> **Task goal**
Set down, exactly and only, everything from the line containing "今年4月26日,建邺区人民检察院向赛虹桥街道发出行政公益诉讼诉前检察建议书。" down to the line containing "Lilla P kom" in the data below; the pictures are not part of the copy.

> **Dataset records**
────────

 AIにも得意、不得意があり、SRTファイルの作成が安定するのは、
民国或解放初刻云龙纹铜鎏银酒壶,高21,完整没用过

────────

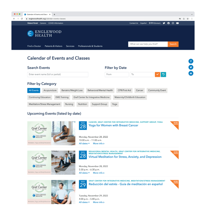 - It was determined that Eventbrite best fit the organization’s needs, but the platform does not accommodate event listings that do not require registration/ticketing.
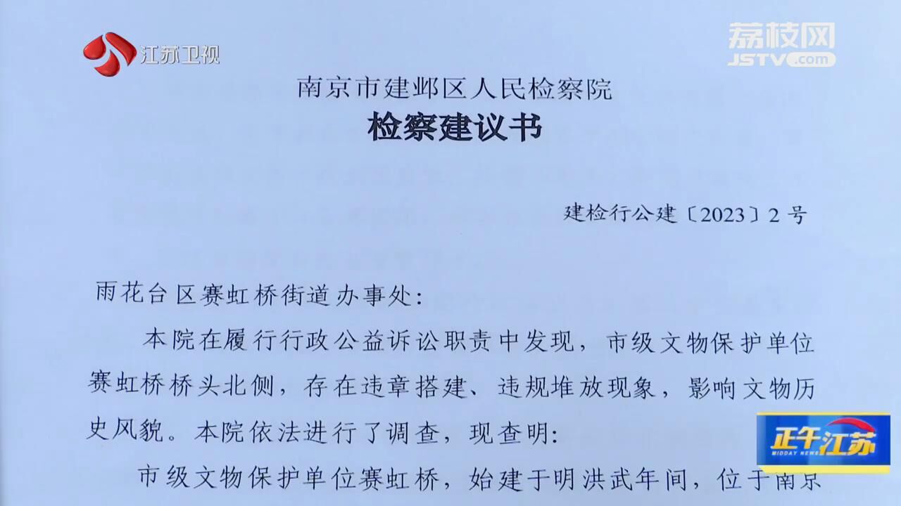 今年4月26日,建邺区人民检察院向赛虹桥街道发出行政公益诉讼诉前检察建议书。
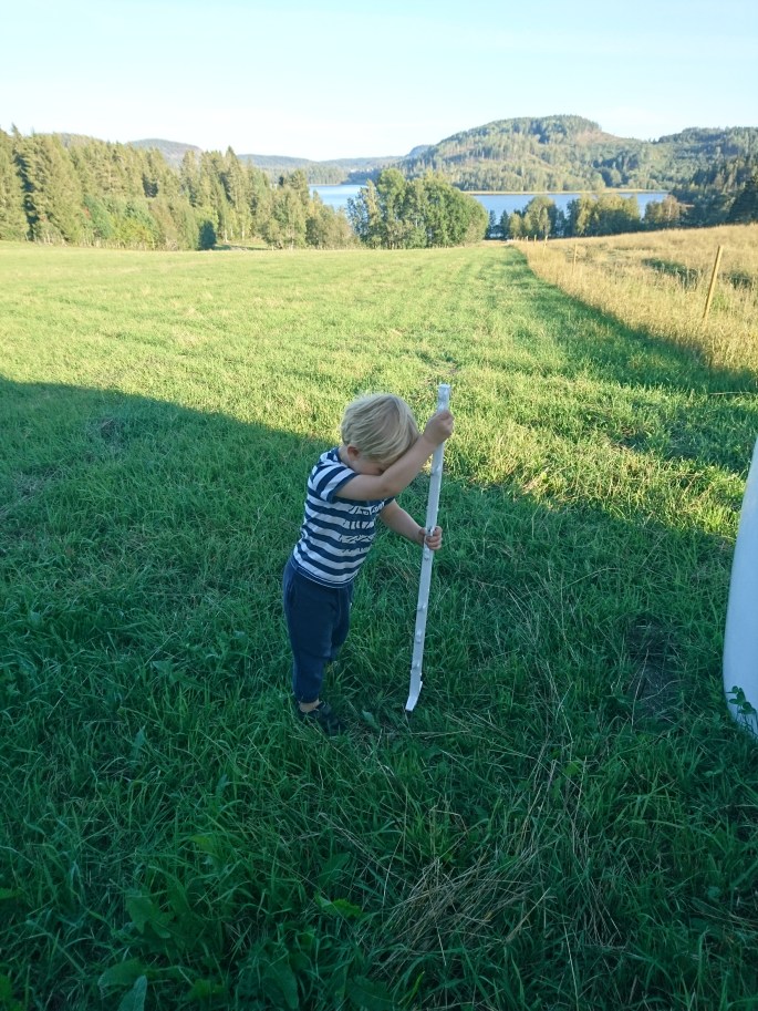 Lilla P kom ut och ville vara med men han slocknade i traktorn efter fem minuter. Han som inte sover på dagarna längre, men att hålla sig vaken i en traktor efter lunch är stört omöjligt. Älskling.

────────

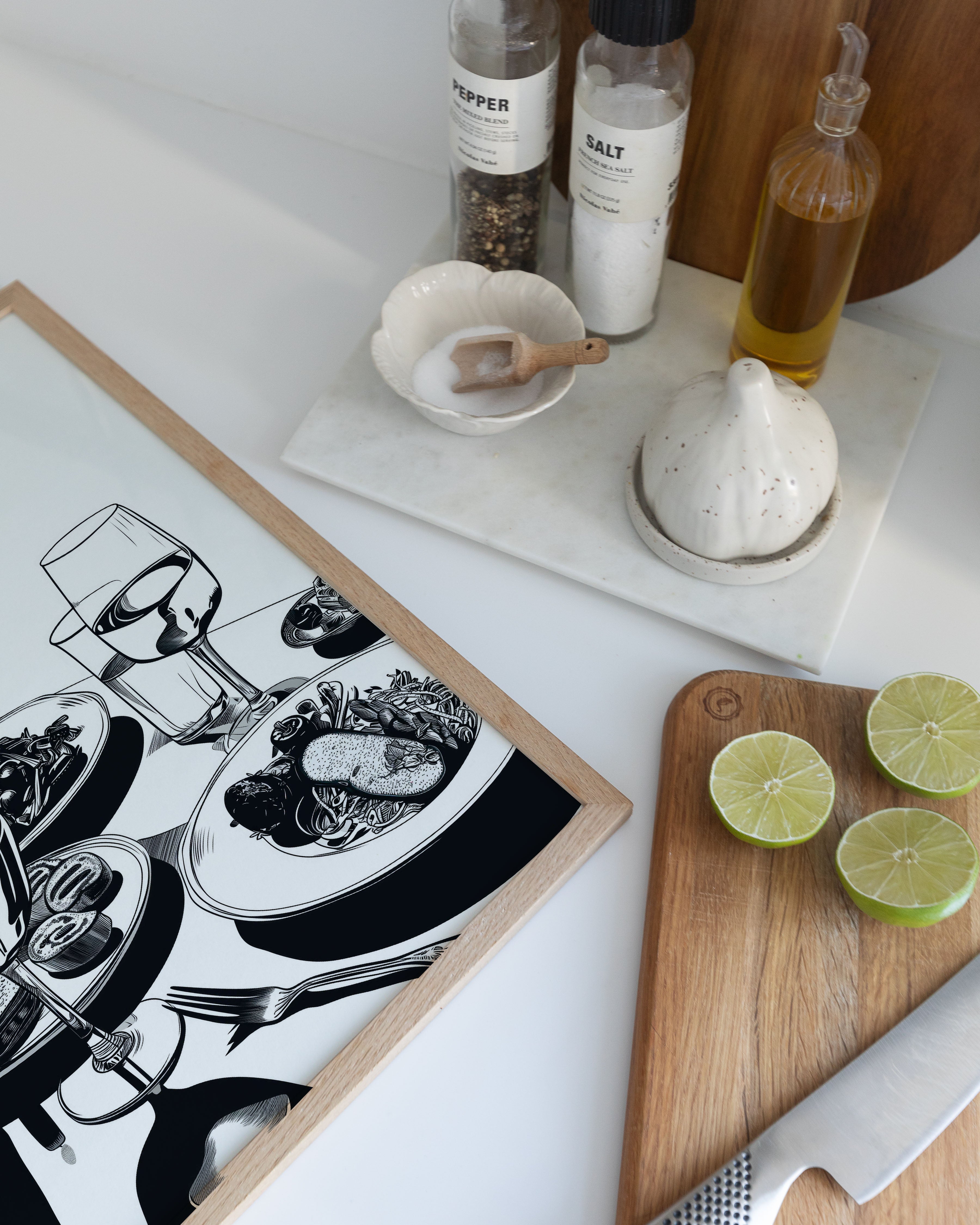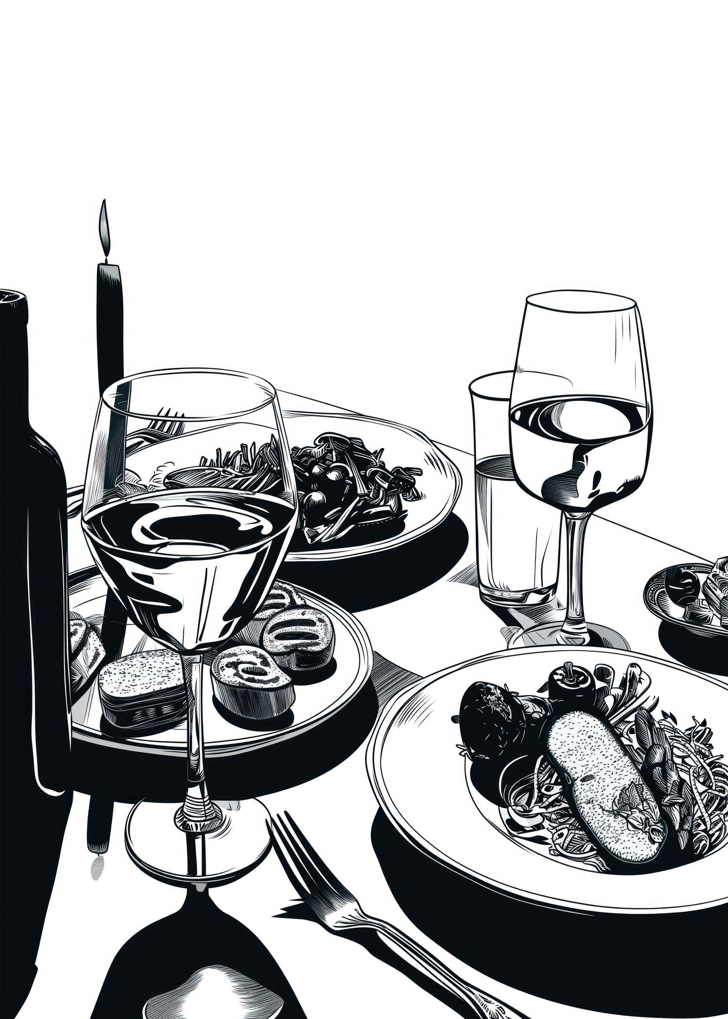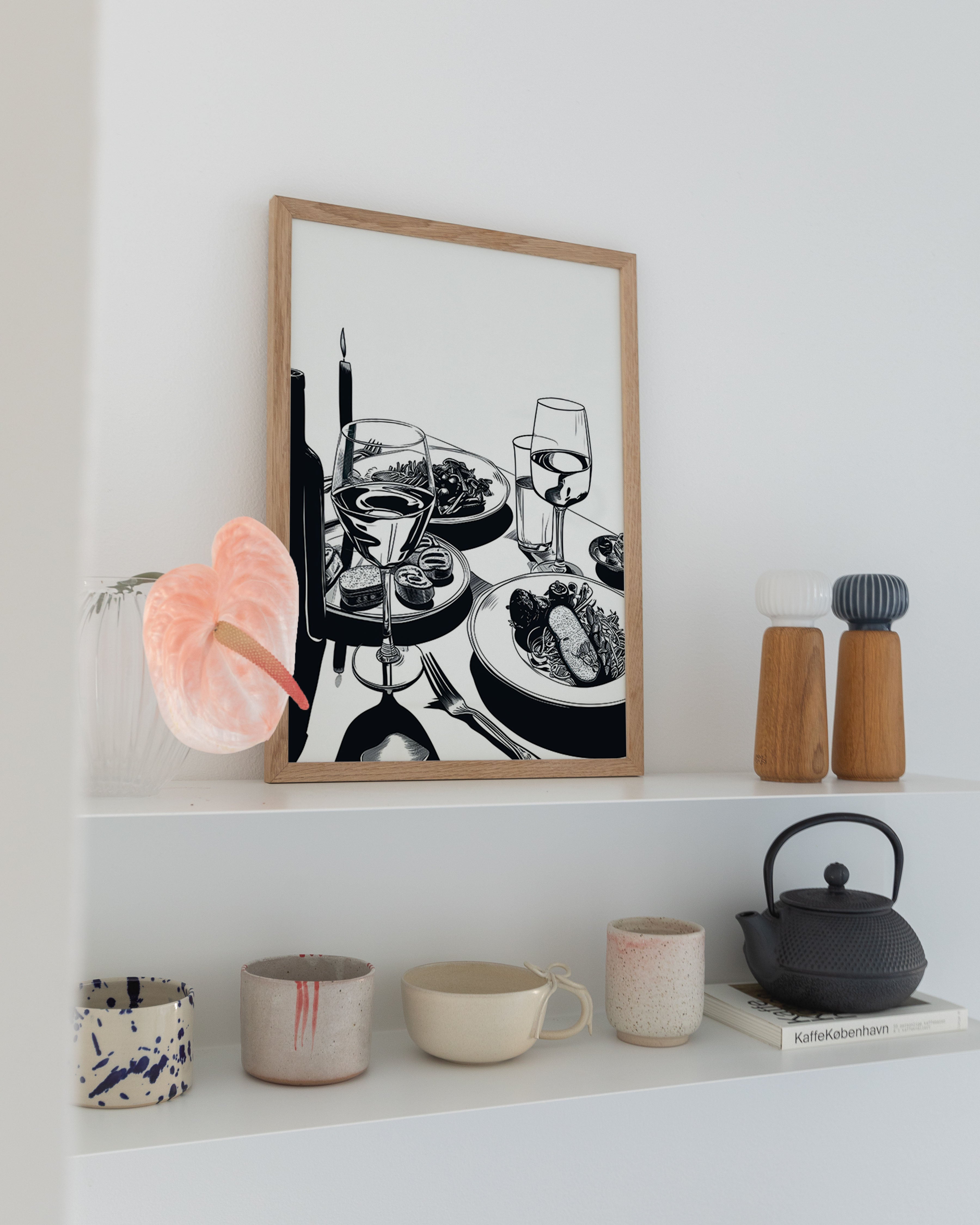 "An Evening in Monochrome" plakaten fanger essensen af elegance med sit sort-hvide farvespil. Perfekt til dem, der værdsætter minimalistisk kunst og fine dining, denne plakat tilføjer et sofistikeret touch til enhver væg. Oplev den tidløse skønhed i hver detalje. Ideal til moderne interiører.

────────

> **Exercise solution**
 今年4月26日,建邺区人民检察院向赛虹桥街道发出行政公益诉讼诉前检察建议书。
 Lilla P kom ut och ville vara med men han slocknade i traktorn efter fem minuter. Han som inte sover på dagarna längre, men att hålla sig vaken i en traktor efter lunch är stört omöjligt. Älskling.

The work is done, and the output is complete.